A cylindrical pipeline used for treating large brain aneurysms is just as effective on smaller and sometimes harder to reach ones, according to the results of a clinical trial announced last week. The study’s findings were presented at the International Stroke Conference in Houston by Ricardo A. Hanel, neurovascular surgeon with Baptist Health, who is director of the Baptist Neurological Institute. Eric Sauvageau, neurovascular surgeon and director of the Baptist Stroke & Cerebrovascular Center, was a co-author and co-investigator on the study.

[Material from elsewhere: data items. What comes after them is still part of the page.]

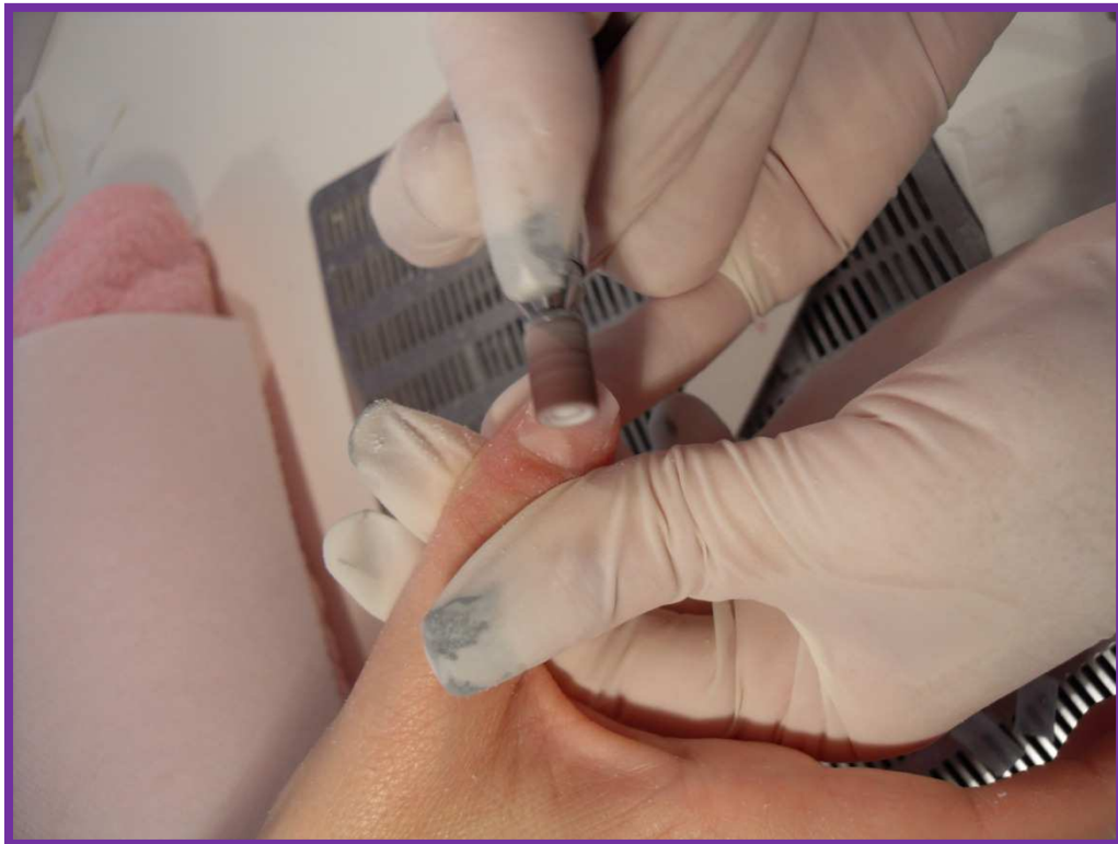
Fresa nella Creazione della Bombatura in Gel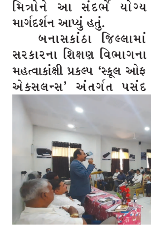
થયેલી શાળાઓમાં શૈક્ષણિક ગુણવત્તા અપગ્રેડ કરવા બાબતે આપતા ડા.આચાર્ય, બી.આર.સી. કો-ઓર્ડીનેટર તેમજ તાલુકા પ્રાથમિક શિક્ષણાધિકારીઓને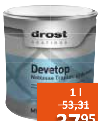
Drost Devetop Traplak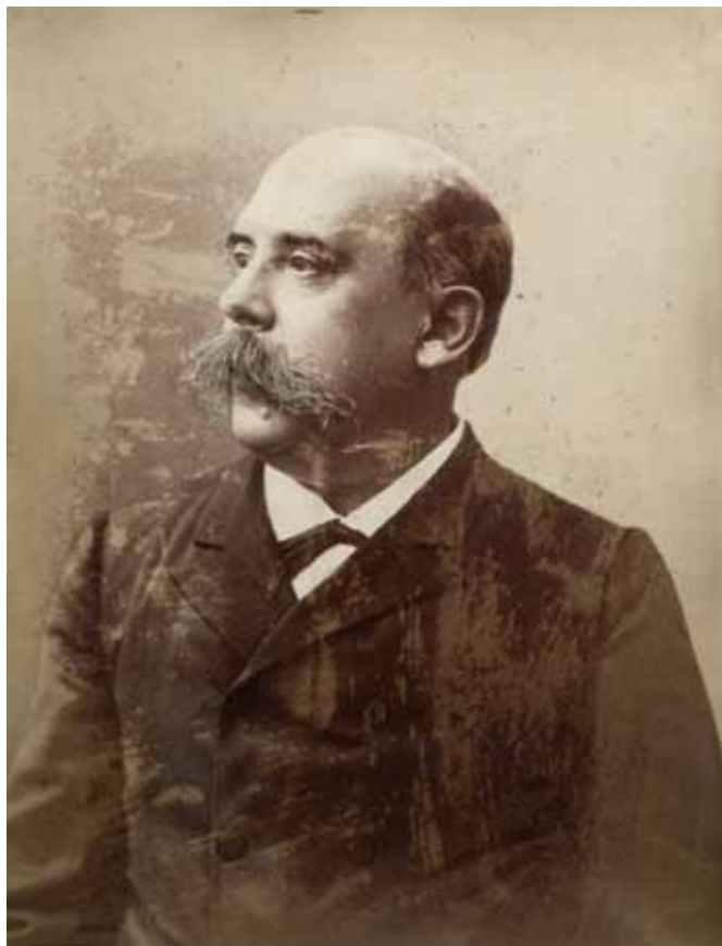
FOTOGRAFÍA RETRATO DE EMILIO CASTELAR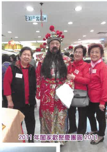
2011年閩家歡聚慶團圓2011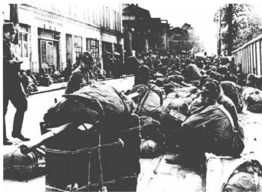
侵占了徐州的日军只想着该怎样摆“庆功宴”

虽然早已人去城空，但无论“华中派遣军”还是“华北方面军”，都没有在后面死死尾追，沿途也没有遇到太强的阻截，显然，这与日军上上下下的功利心态有关。这帮人的主要力量都没有拿来对付突围部队，他们满脑子转来转去的，还是如何在同仁面前争得头功，以及怎样在徐州大摆“庆功宴”。

A cerebral aneurysm is a weak or thin spot on a blood vessel in the brain that balloons out and fills with blood. This cylindrical Pipeline, a braided mesh known as a flow diverter, is inserted through a microcatheter into an artery in the groin. The device is then threaded through the body to the brain to slow the flow of blood into the aneurysm and allow the diseased vessel to heal.
The Pipeline is approved by the U.S. Food and Drug Administration for adults with large aneurysms (which are greater than 12 millimeters). The results of the clinical trial could open up the procedure for use on patients with small- and medium-sized, wide-necked, unruptured aneurysms, which make up the majority of the cases.
Twenty-two sites in the United States and one in Canada participated in the study of 141 patients, including 21 from Baptist Medical Center Jacksonville. The study found that a high rate of aneurysms were completely healed at the one-year follow-up, with no cases of recurrence. There were also no incidents of aneurysms rupturing one year after the procedure. These results will be submitted to the FDA for review.